Глава I. В деревне
Да, впечатления детства в деревне глубоко запали в душу композитора, оставили неизгладимую мету в его сознании. Не потому, что детство Мусоргского ознаменовано было событиями необычайными, исключительными. Напротив, оно протекало вполне обычно и с внешней стороны однообразно, как однообразен везде провинциально-патриархальный быто-уклад дворянской семьи среднего достатка со всеми его нехитрыми заботами и утехами. Но необычайной была натура Мусоргского, с самых ранних лет проявлявшего на редкость острую пытливость, наблюдательность и чуткую отзывчивость (что так отличало его от старшего брата Филарета). Посреди однообразия старого усадебного быта он жил напряженной внутренней жизнью, оказавшей громадное влияние на развитие его характера.
— Под непосредственным влиянием няни,— говорит он в своей Автобиографической записке,— близко ознакомился с русскими сказками и от них иногда не спал по ночам. Это ознакомление с духом народной жизни было главным импульсом музыкальных импровизаций до начала ознакомления еще с самыми элементарными правилами игры на фортепиано.
И здесь, в скупых строках отрывочного изложения, теснится рой невысказанных дум и воспоминаний. Их угадываешь по намекам подтекста, подкрепляемых иными свидетельствами.
В тексте Записки выделяется лишь наиболее важное: ознакомление с духом народной жизни — сила воздействия («не спал по ночам») — главный творческий импульс (музыкальные импровизации до первых занятий).
Ознакомление с духом народной жизни не ограничивалось, конечно, сказками, поверьями и легендами. В одном из писем Мусоргского к другу В. Никольскому («дяиньке») есть весьма характерное признание:
«Как меня тянуло и тянет к этим родным полям, то я знаю и дяинька знает,— пишет Мусоргский,— не даром в детстве мужичков любил послушивать и песенками их искушаться изволил».— Вот живое и многозначительное дополнение к скупым фразам Автобиографической записки.
С поразительною для ребяческих лет пытливостью наблюдал Мусоргский деревенскую жизнь — и тяжелый крестьянский труд, и суровую простоту обрядов и обычаев, и гульливое веселье народных праздников — с хороводами, играми, плясками, со скоморошьим гудом раешника. Властно влекли его крестьянские песни — иные запомнились ему на всю жизнь. Влекли и крестьянские беседы: уже в те годы он бессознательно почуял «хватающую образность», самобытную певучую красоту народной речи. По-своему, по-детски он глубоко переживал воспринятое. И мы увидим, как все это отозвалось впоследствии — в думах и чаяниях, в замыслах и в творчестве великого художника.
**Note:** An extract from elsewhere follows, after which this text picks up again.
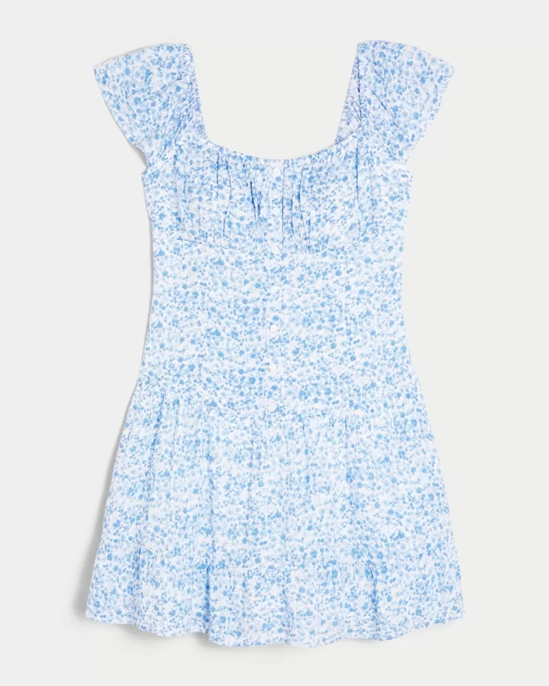 Pretty and super soft, this dress features ruched detailing through the bust, flutter sleeves and center button details. Flowy skirt, hidden shorts. Imported.
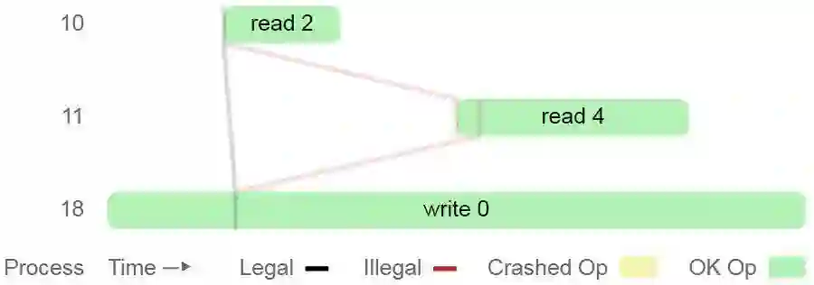 图中显示了三个进程(10,11,18)并发执行读取到2,读取到4和写入0的操作记录。从左到右为时间线,操作方框的左侧表示操作的开始时间,右侧表示结束时间,操作实际生效的时间可能在开始时间和结束时间之间的任意时刻。进程10读取到的值为2,该读取可以在进程18写入0的之前或之后,在进程11执行读取的时间段内,数据的值可能为0或者2,但不管数据的值为0还是2,都不允许进程11读取到4,因此不满足可线性化。

Близкое общение барчука из дворянской семьи с «деревенским простонародьем» кажется недопустимым. Но в каревской усадьбе оно не возбранялось. Тут сыграло свою роль одно «романтическое событие» прошлых лет, имевшее немаловажные последствия в судьбе рода Мусоргских.
Дело в том, что Модест Мусоргский, сын старинной русской семьи, был родным внуком крепостной крестьянки Арины Георгиевны Егоровой. В молодости она слыла первой красавицей и лучшей песенницей. Алексей Григорьевич Мусоргский (дед композитора) был бурно увлечен ею.